Ferronickel is a critical input for the manufacture of stainless steel, which in turn is used in everything from weapons systems to chemical plants. The fear is that MMG could divert sales away from EU customers if things get hairy; even an offer to enter into binding, decades-long supply agreements with EU companies wasn’t enough to calm the Berlaymont.
“Ferronickel is a key input for European producers to manufacture high-quality, low-emission stainless steel at competitive prices, which is critical for many sectors,” Commissioner Teresa Ribera said when opening the in-depth probe. “Our investigation aims to verify whether this concentration could jeopardise continued and reliable access in Europe”.
Moving the goalposts
That dynamic is new: Merger control experts I speak to say that this deal would have sailed through in phase one before Vladimir Putin decided that a full-scale invasion of Ukraine was a good way to spend his declining years.
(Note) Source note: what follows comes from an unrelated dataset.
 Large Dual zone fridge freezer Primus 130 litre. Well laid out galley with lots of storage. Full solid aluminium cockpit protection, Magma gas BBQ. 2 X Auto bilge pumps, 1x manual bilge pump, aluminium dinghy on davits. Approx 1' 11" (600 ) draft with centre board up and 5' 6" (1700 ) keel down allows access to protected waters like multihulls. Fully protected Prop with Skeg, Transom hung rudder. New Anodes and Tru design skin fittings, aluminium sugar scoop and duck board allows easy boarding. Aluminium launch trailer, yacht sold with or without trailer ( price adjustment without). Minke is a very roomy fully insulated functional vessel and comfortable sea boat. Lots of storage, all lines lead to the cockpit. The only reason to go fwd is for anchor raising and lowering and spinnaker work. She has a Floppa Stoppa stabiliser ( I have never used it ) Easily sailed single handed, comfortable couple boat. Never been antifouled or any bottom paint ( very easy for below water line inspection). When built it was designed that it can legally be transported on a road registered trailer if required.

Back when we thought globalisation was an unstoppable civilising force, merger control focused primarily on whether a deal would significantly impede competition in Europe in terms of price, output, choice and innovation in overlapping or vertically linked markets.
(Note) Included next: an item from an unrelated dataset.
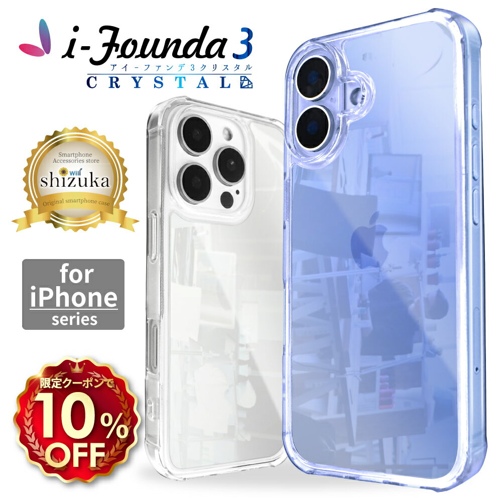 shizukawill シズカウィル ガラスフィルム 相性保証対象 iPhone シリーズ 強化ガラス ケース 高透明 耐衝撃 耐傷性 ※ご購入時に機種を選択してください。 ■ アイファンデ3 対応機種 ラインナップ iPhone17 iPhone Air iPhone17 Pro iPhone17 Pro Max iPhone16e iPhone16 iPhone16 Plus iPhone16 Pro iPhone16 Pro Max iPhone15 iPhone15 Plus iPhone15 Pro iPhone15 Pro Max iPhone14 iPhone14 Plus iPhone14 Pro Max iPhone13 iPhone13 mini iPhone13 Pro Max iPhone12 iPhone12 Pro iPhone12 mini iPhone12 Pro Max iPhoneSE 第3世代 (2022年発売) iPhoneSE 第2世代 (2020年発売) ※iPhoneSE 第1世代(2016年発売)は対応しておりません iPhone11 iPhone8 iPhone7 iPhone XR iPhone XS ■アイファンデ3 カラー 高透明 クリア -アイファンデ3 クリスタル(i-Founda3 crystal)- 衝撃を吸収・分散するTPUと高い透明度の強化ガラスを 使用したハイブリッド構造のクリアケース ■ケース特徴 ・ガラスならではの美しさ =透明度が高く黄ばまない ・耐傷性 =特殊なコーティングを施した強化ガラス ・耐衝撃性 =四隅のエアポケットクッションが落下の衝撃を吸収 ・カメラホールをレンズより高く設計 =カメラレンズを擦り傷などから守る ・スピーカーホールを上部にも =音質・音量を損なわない ・サイドボタン、開口部はピッタリ =実機をもとに製作 ・ワイヤレス充電 =ケースを装着したまま充電可能 ■商品仕様 素材:TPU(熱可塑性ポリウレタン)・強化ガラス 仕様:高透明・高耐衝撃・高耐傷性・曲げに強い・ワイヤレス充電対応 【注意事項】 各部の仕様が機種によって異なりますので、 画像の「ご確認お願いいたします」をご確認ください。 Magsafeも対応していますが、マグネットは付属していない為、 充電器と吸着はいたしません。 製品の色味に関しては、お使いのデバイスの表示性能や設定により 変化する可能性がありますのでご注意ください。 品質・検品には万全を期しておりますが、万一商品に 不具合等御座いましたらカスタマーまでご連絡お願いいたします。 お客様に満足して頂きたく品質改善を日々しております。 それに伴い予告なしにデザインが変更する場合がございます ご了承くださいませ。随時商品ページにてお知らせいたします。 メーカー希望小売価格はメーカー商品タグに基づいて掲載していますTP99

In basic industrial inputs like metals and steelmaking alloys, concerns would often centre on price effects, consolidation and potential unilateral or coordinated effects. Strategic supply security was not a central enforcement driver on its own.
More change is likely on the way. Sometime in Spring, the Commission is expected to update its merger control guidelines because “transformational changes” have altered competitive dynamics. Officials are walking a tightrope. For years they have been taught that competition enforcement should be pure of heart and focus on economics.
The geopolitics are also tricky. On the one hand, the Commission talks about the need to consider resilience when looking at mergers, foreign investments and the like; on the other, it refuses to single out jurisdictions that threaten Europe’s resilience. That was awkward when it was just China. Add the US into the mix and it becomes almost unbearable.
Practically, this pulls merger control – kicking and screaming – closer to industrial policy. In a rearmament context, that matters because defence markets and supply chains (think electronics, propulsion, space, cyber, sensors, secure communications) often have narrow supplier bases, long qualification cycles, state-shaped demand and strategic vulnerabilities that do not show up neatly in consumer price effects.
Foreign subsidy restrictions
Beyond merger control, the Commission’s competition department DG COMP also has the power to restrict unfair competition from abroad. The Foreign Subsidies Regulation, introduced in 2023 and updated with new guidelines this month, restricts foreign public money in much the same way as state aid rules work within the Single Market.
So if you’re a state backed Chinese company and you want to access EU public procurement markets, or a Middle Eastern sovereign wealth fund looking to buy up German chemicals businesses, the FSR will stop you using your chequebook to muscle out European competitors.
Both of these examples have actually happened: China’s state railway company is being investigated for its role in the construction of a railway line in Lisbon, and Abu Dhabi’s state oil company had to guarantee it would let other EU companies use chemical producer Covestro’s IP in order to be allowed to buy it.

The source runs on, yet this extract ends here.